• **What is required**:
Beneath this task are records; print exactly the stretch of them from the line with "Rhododendron specimen in" through the line with "Michael Beauchamp, Wanderers Captain", both ends included.

• **Dataset content**:
+-------+

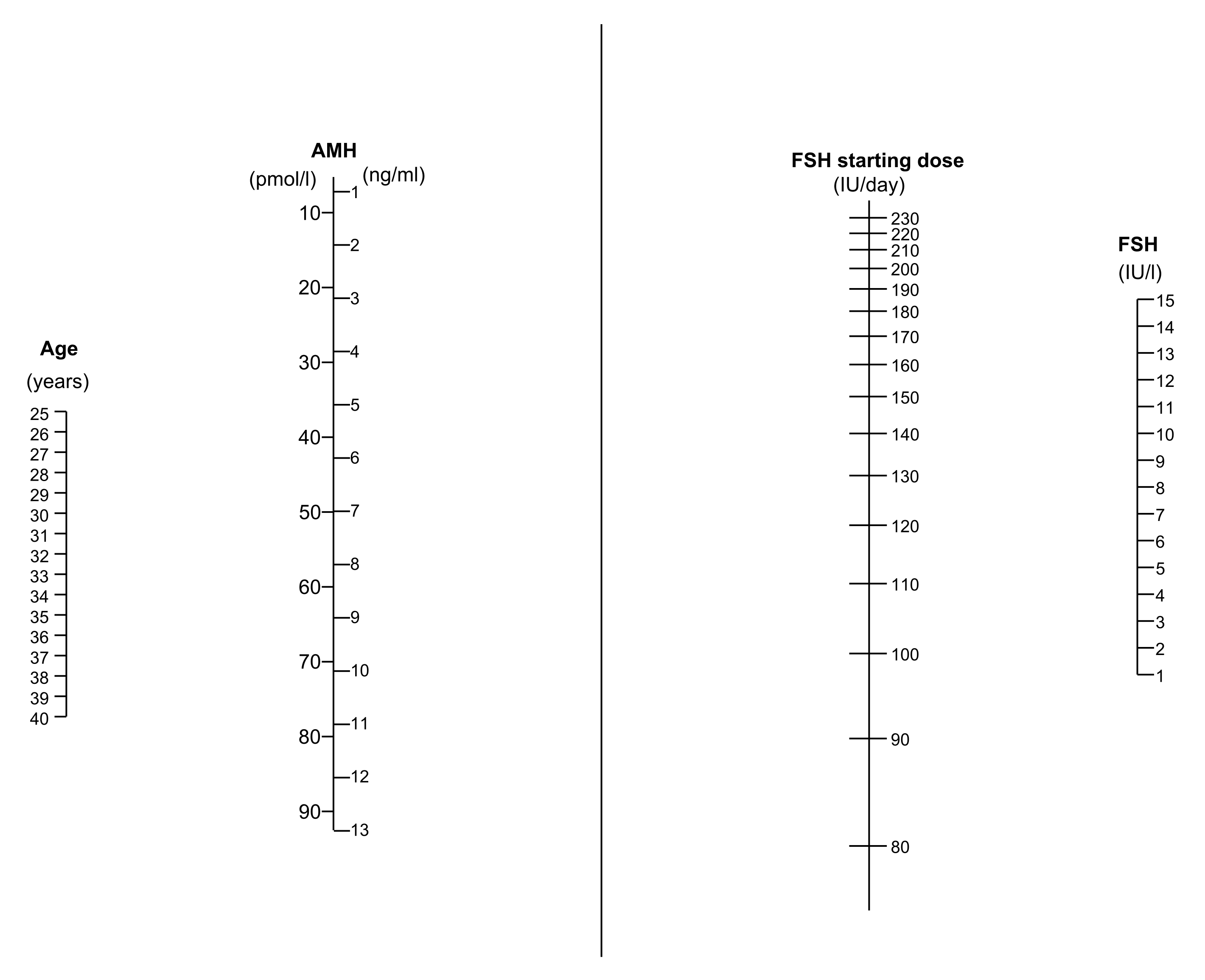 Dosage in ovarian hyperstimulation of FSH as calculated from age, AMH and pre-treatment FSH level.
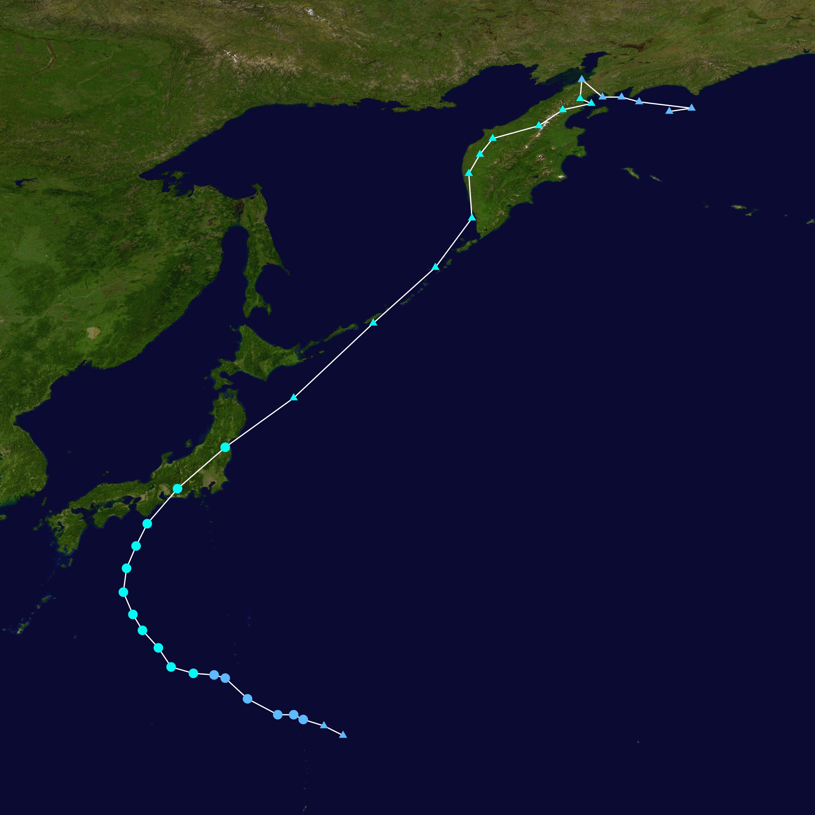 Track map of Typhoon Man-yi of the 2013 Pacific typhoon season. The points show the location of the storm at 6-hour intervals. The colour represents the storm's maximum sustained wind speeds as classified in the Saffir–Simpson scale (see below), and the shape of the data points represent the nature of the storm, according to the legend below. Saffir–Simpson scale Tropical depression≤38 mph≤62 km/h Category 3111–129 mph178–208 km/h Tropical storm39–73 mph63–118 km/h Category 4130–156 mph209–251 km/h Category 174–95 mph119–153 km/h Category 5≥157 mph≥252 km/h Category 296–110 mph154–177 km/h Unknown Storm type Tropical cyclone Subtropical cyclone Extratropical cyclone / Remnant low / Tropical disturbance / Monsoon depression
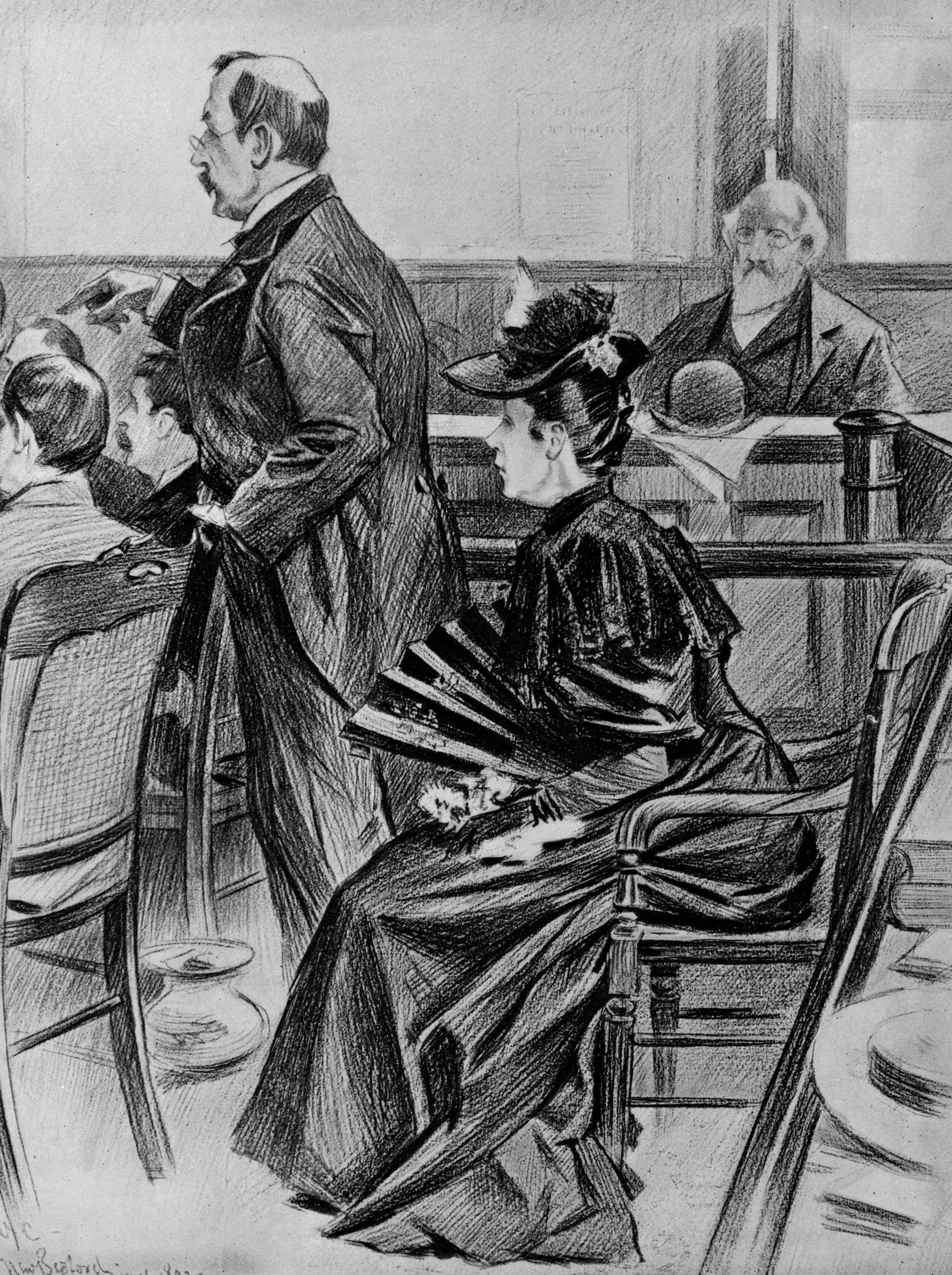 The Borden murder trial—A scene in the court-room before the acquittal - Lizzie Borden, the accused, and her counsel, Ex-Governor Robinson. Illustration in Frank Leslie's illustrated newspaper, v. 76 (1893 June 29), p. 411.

+-------+

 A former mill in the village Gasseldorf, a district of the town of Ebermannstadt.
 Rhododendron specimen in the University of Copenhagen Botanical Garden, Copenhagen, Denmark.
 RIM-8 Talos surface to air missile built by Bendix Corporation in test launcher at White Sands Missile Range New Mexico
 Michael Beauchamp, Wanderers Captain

+-------+

• **Answer space**:
 Rhododendron specimen in the University of Copenhagen Botanical Garden, Copenhagen, Denmark.
 RIM-8 Talos surface to air missile built by Bendix Corporation in test launcher at White Sands Missile Range New Mexico
 Michael Beauchamp, Wanderers Captain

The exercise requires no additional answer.